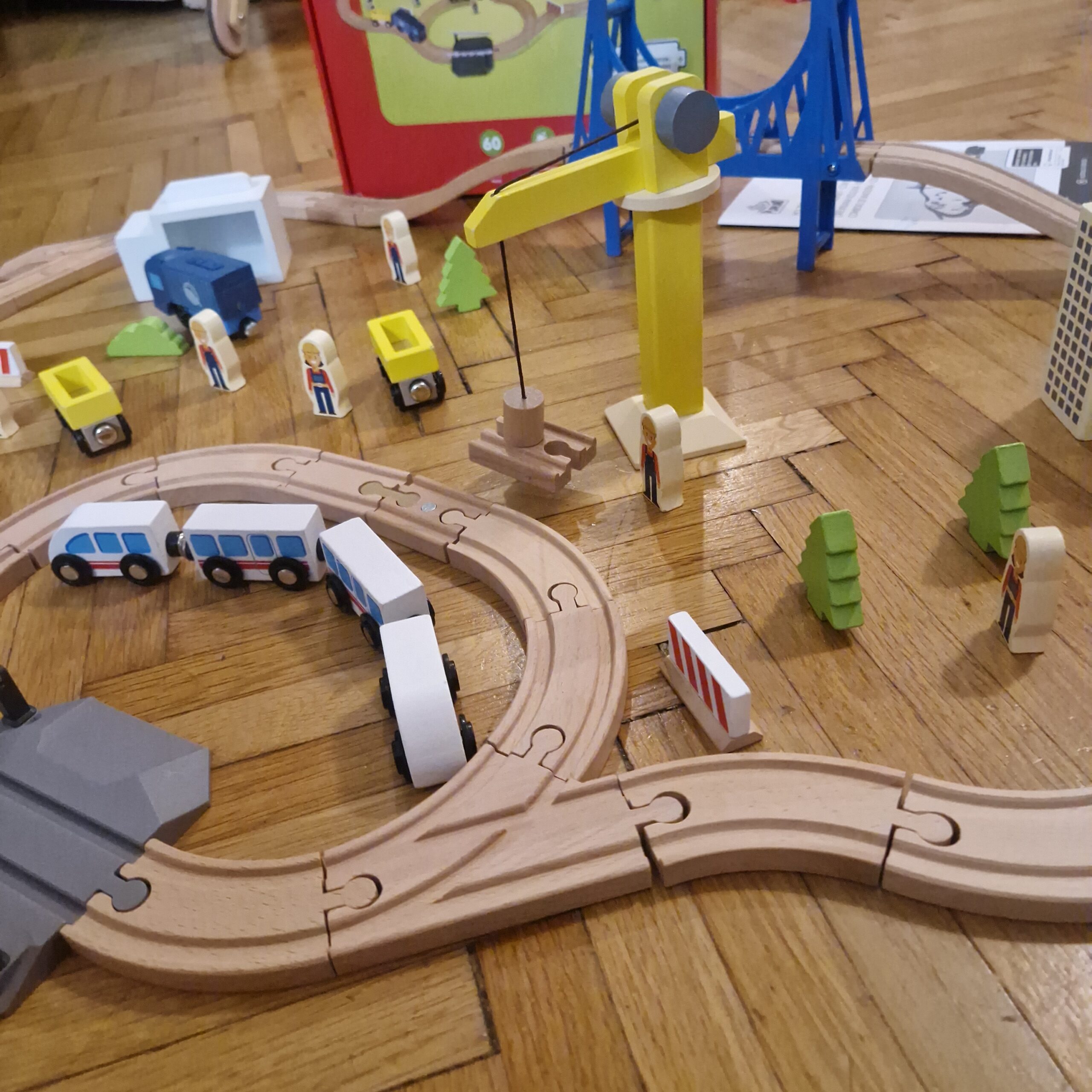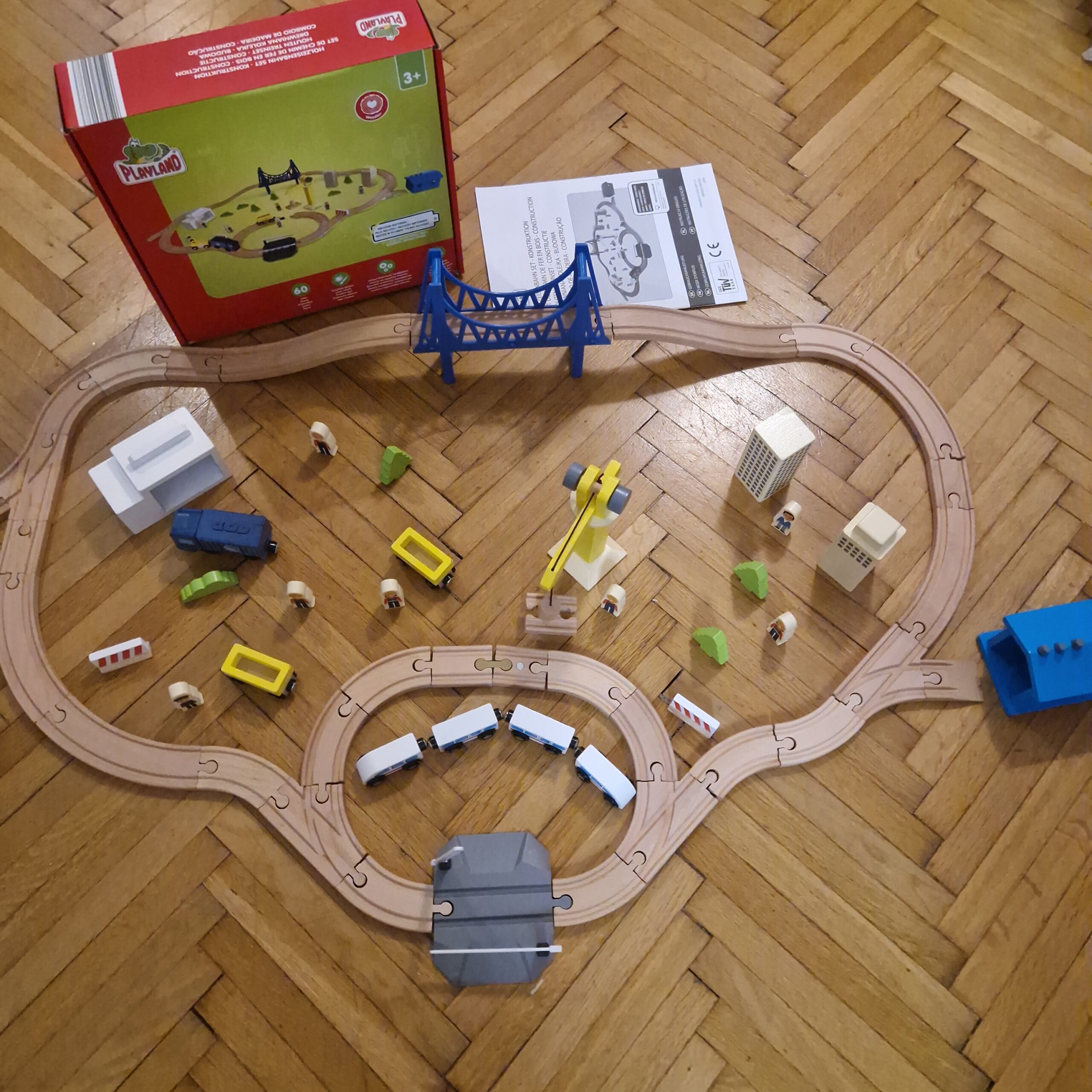 A képen látható szuper városi pálya sok kiegészítővel, daruval, elektromos kis teherautóval. Dobozában, négy darabos kisvonatszettel, sok kiegészítővel.
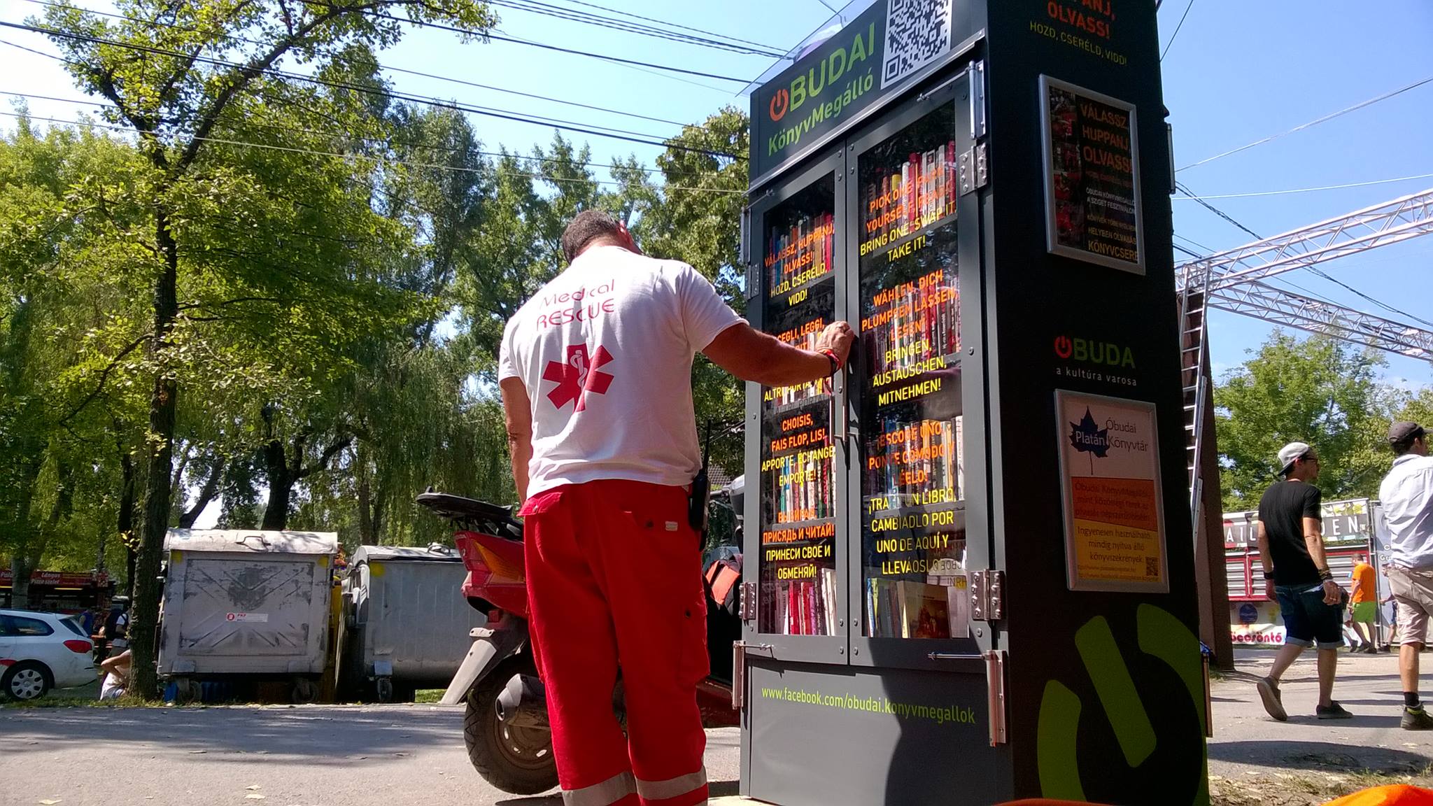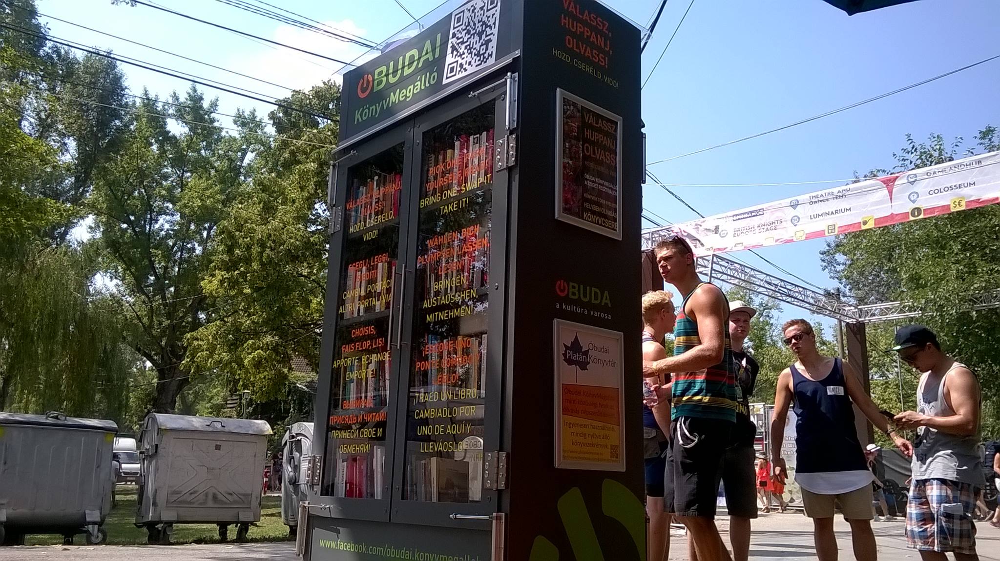 Az ingyenesen használható, éjjel-nappal nyitva álló könyvszekrényből bárki kiveheti a neki tetsző olvasmányt, amit az ott elhelyezett babzsákokon elolvashat. Hozott könyvért cserébe másikat választhat. Az Óbudai Platán Könyvtár a fesztivál ideje alatt a könyvállományt folyamatosan frissíti. A kínálat: kortárs és klasszikus, szórakoztató és komolyabb magyar, angol, német, és egyéb nyelven kiadott könyvek, valamint Óbudáról szóló kiadványok.
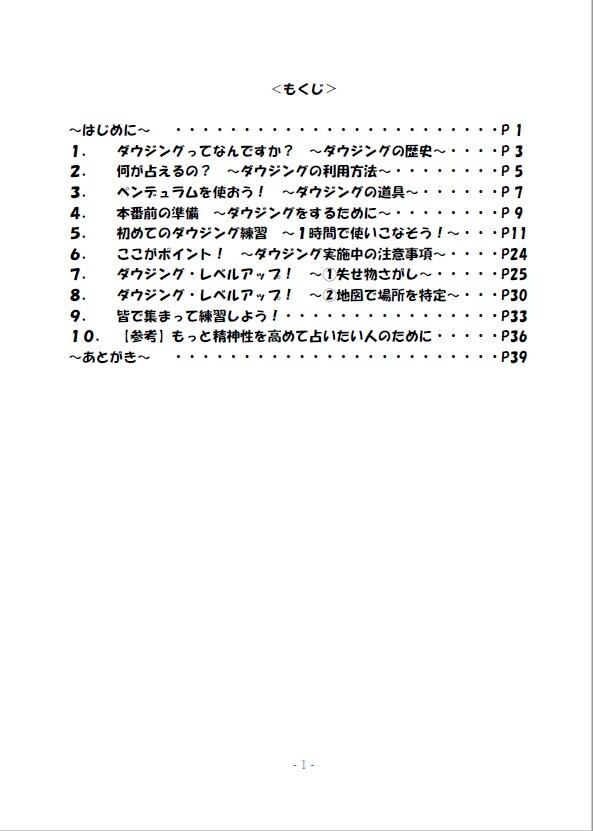 となっており、基本的に(1)と(2)を読んで実践していただければ、お手軽にダウジングを始めることができる内容となっています。

● **Assigned task**
Where the line containing "Az ingyenesen használható, éjjel-nappal" appears, begin writing out the lines word for word, and continue through the last line of the data, leaving out pictures.

● **Written solution**
 Az ingyenesen használható, éjjel-nappal nyitva álló könyvszekrényből bárki kiveheti a neki tetsző olvasmányt, amit az ott elhelyezett babzsákokon elolvashat. Hozott könyvért cserébe másikat választhat. Az Óbudai Platán Könyvtár a fesztivál ideje alatt a könyvállományt folyamatosan frissíti. A kínálat: kortárs és klasszikus, szórakoztató és komolyabb magyar, angol, német, és egyéb nyelven kiadott könyvek, valamint Óbudáról szóló kiadványok.
 となっており、基本的に(1)と(2)を読んで実践していただければ、お手軽にダウジングを始めることができる内容となっています。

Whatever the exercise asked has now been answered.